Another question mark, though, is the other cornerback spot opposite Nickell Robey. With Isiah Wiley academically ineligible and Torin Harris injured, Hawai’i found success challenging whomever the Trojans put at the other corner spot. Harris, though, is expected to return Saturday, so it’ll be interesting to see how Kiffin chooses to use him.

If you were going to build a prototype for a college football team that could beat this USC squad, what does it look like?

There are two components that a team must possess in order to defeat the 2012 Trojans. First, it must be able to apply pressure without blitzing. Barkley is the best pro-style quarterback in the nation. As such, sending five-to-six rushers will only allow him to hit one of his many targets. A vicious front four would cause the USC offensive line fits, which is good but not Alabama great. In order to stop the USC machine, one must rattle Barkley; it’s essential.

The second facet would be a fast-paced, efficient offense. USC managed to slow down Oregon last year, but once it got rolling in the fourth quarter, the Trojan defense was completely gassed. Had it not been for the suspect leg of Alejandro Maldonado, the 2011 Trojans’ narrative would have differed. In short, if a team could control the line on both sides of the ball, it would have a great chance to bring down Kiffin and Co.

What kind of cardinal and gold presence can we expect at MetLife this weekend? Is something like this a destination game for Trojan fans?

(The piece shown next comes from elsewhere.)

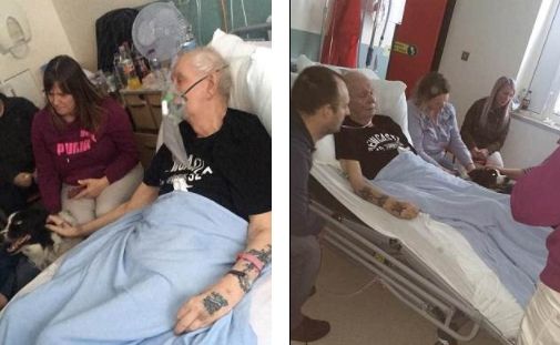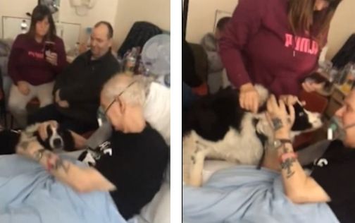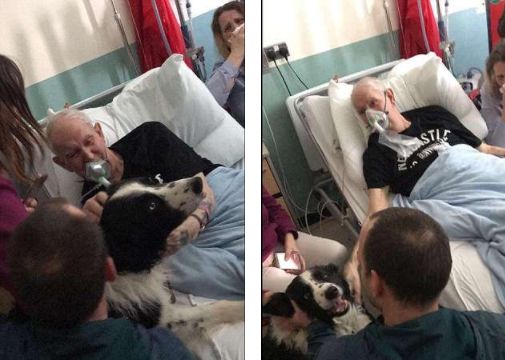 Αυτή είναι η συγκινητική στιγμή που ένας ετοιμοθάνατος άντρας βλέπει για τελευταία φορά τον αγαπημένο του σκύλο στο κρεβάτι του νοσοκομείου λίγες ώρες πριν πεθάνει.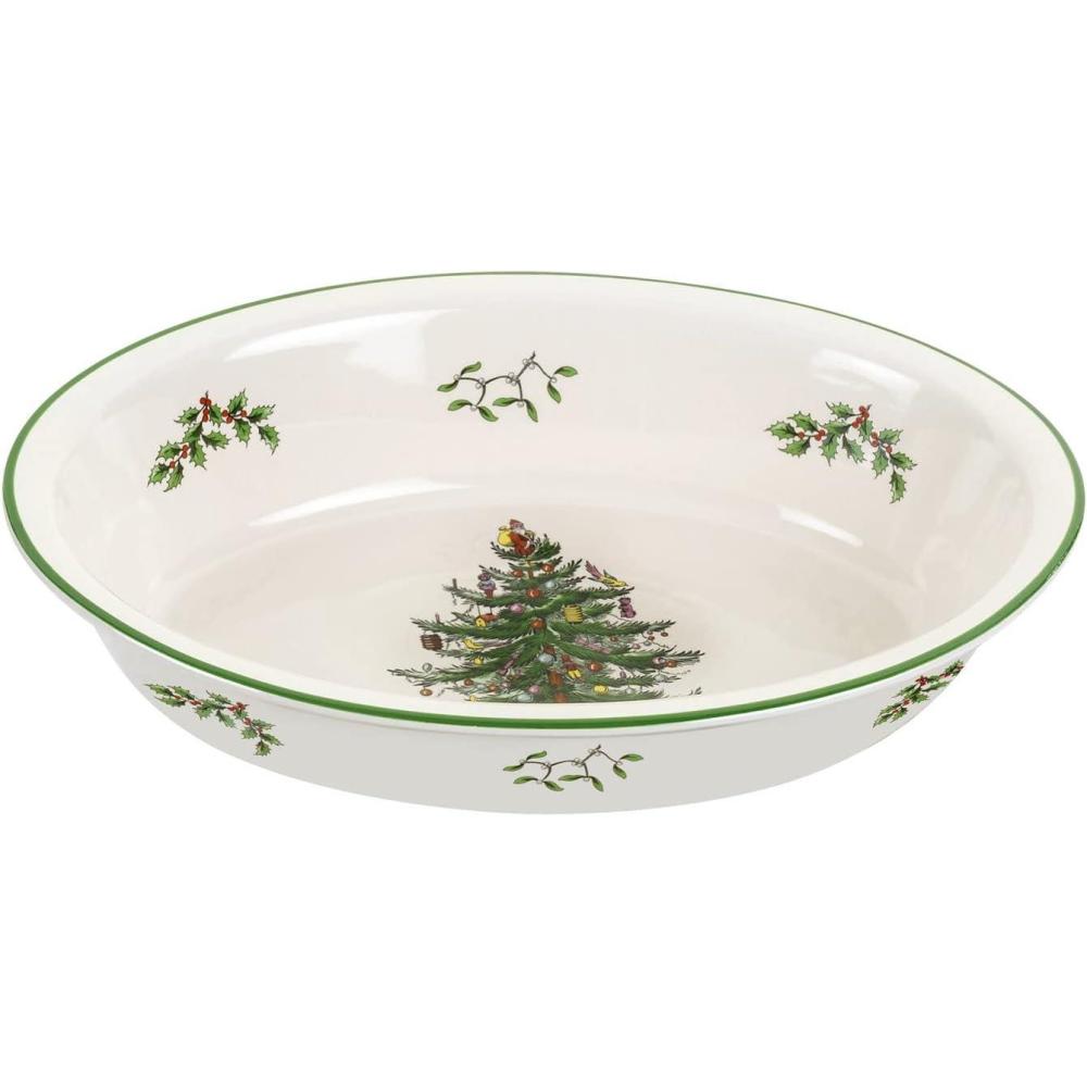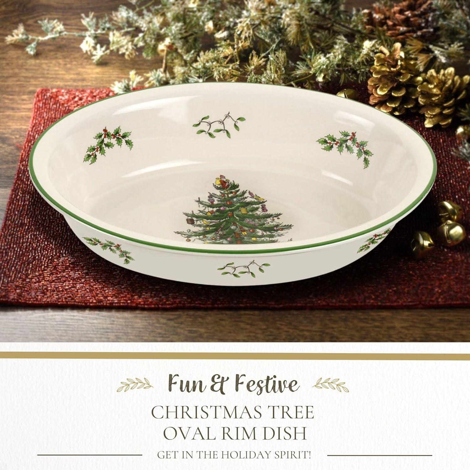 imageSpode Christmas Tree Divided Dish  115quot Festive Serving Tray for Holiday Parties Seasonal Events  Fine Earthenware Decorative Christmas Dinnerware Microwave ampamp Dishwasher SafeChristmas Tree Oval Rim Dish

There will definitely be a good amount of cardinal and gold at MetLife Stadium this weekend. Just sitting at the airport the other day and watching people decked out in USC gear, I know there will be a good showing for the Trojans for this road game. Is it a destination game? Yes, it’s relatively close to New York City and who doesn’t want to play in that kind of stadium. For me, I know tons of family and family friends will be here, not just to watch the game, but also to tour the city as a sort of destination place to combine USC football and a vacation.

Game prediction? And where do you expect the Trojans to be come January?

USC is favored by almost four touchdowns and that’s giving a lot of respect to the Trojans. But they have to travel cross-country and for its younger players, playing on the road is much, much different than playing at home. I don’t think Syracuse will be able to stop USC, though, and that’ll make all the difference. The Trojans win, but they won’t cover.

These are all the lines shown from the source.